[WHAT THE TASK REQUIRES]: The data below should be retyped exactly, with the pictures left out.

[DATA]:
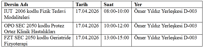 07.04.2026-10.04.2026tarih aralığında ki “IUT  2006 kodlu Fizik Tedavi Modaliteleri, OPO SEC 2050 kodlu Protez Ortez Klinik Hastalıkları ve FZT SEC 2050 kodlu Geriatride Fizyoterapi” dersleri işlenemeyeceğinden  , ilgili derslerin telafisi tabloda belirtilen gün ve saatte yapılacaktır.
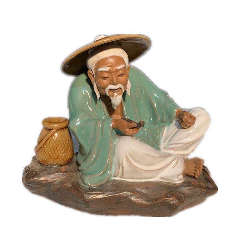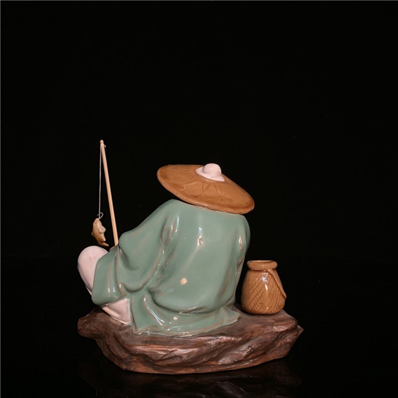 石湾公仔陶瓷摆件创意工艺品假山盘景鱼缸姜太公钓鱼摆件礼品渔翁
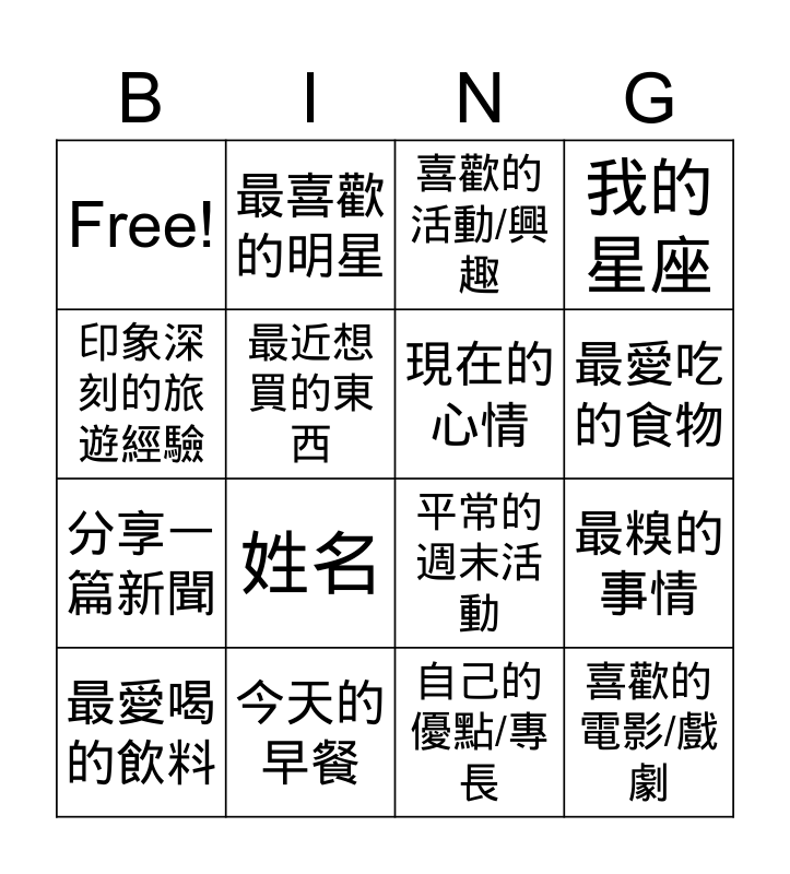 This bingo card has 16 words: 最愛喝 的飲料, 今天的早餐, 喜歡的活動/興趣, 我的 星座, 印象深刻的旅遊經驗, 最喜歡 的明星, 平常的週末活動, 最糗的事情, Free!, 最近想買的東西, 自己的 優點/專長, 最愛吃 的食物, 分享一篇新聞, 姓名, 現在的心情 and 喜歡的電影/戲劇.
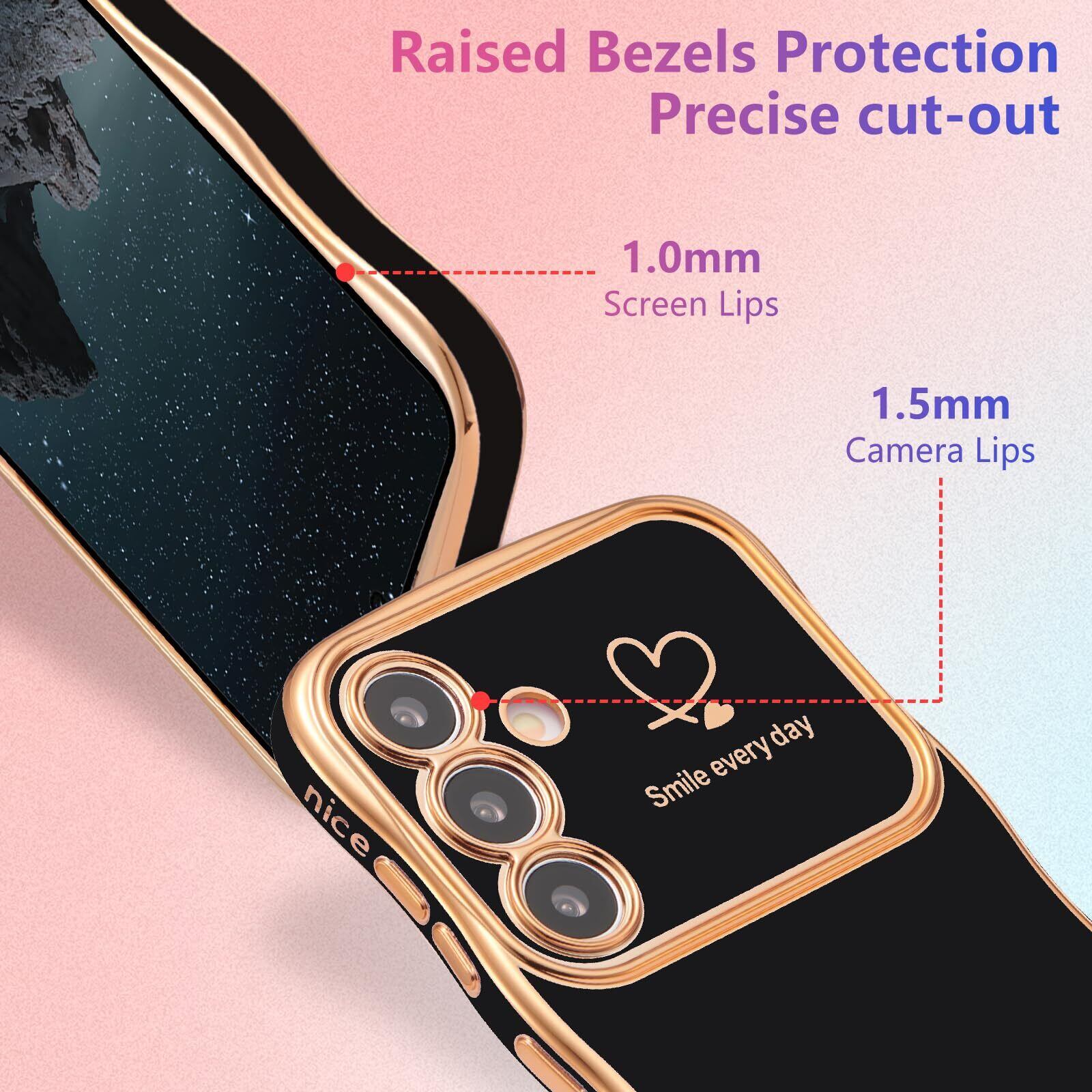 ZTOFERA Samsung Galaxy S24 FE 5G 用 ハートケース 人気 おしゃれ サムスン ギャラクシー S24 FE ウェーブ ケース 柔軟な TPU シリコン スマホケース メッキ加工 ソフト 軽量 耐衝撃 韓国 可愛い ケース 女子 女性 携帯電話カバー ワイヤレス充電対応 (ブラック)

[RESULT OF THE EXERCISE]:
 07.04.2026-10.04.2026tarih aralığında ki “IUT  2006 kodlu Fizik Tedavi Modaliteleri, OPO SEC 2050 kodlu Protez Ortez Klinik Hastalıkları ve FZT SEC 2050 kodlu Geriatride Fizyoterapi” dersleri işlenemeyeceğinden  , ilgili derslerin telafisi tabloda belirtilen gün ve saatte yapılacaktır.
 石湾公仔陶瓷摆件创意工艺品假山盘景鱼缸姜太公钓鱼摆件礼品渔翁
 This bingo card has 16 words: 最愛喝 的飲料, 今天的早餐, 喜歡的活動/興趣, 我的 星座, 印象深刻的旅遊經驗, 最喜歡 的明星, 平常的週末活動, 最糗的事情, Free!, 最近想買的東西, 自己的 優點/專長, 最愛吃 的食物, 分享一篇新聞, 姓名, 現在的心情 and 喜歡的電影/戲劇.
 ZTOFERA Samsung Galaxy S24 FE 5G 用 ハートケース 人気 おしゃれ サムスン ギャラクシー S24 FE ウェーブ ケース 柔軟な TPU シリコン スマホケース メッキ加工 ソフト 軽量 耐衝撃 韓国 可愛い ケース 女子 女性 携帯電話カバー ワイヤレス充電対応 (ブラック)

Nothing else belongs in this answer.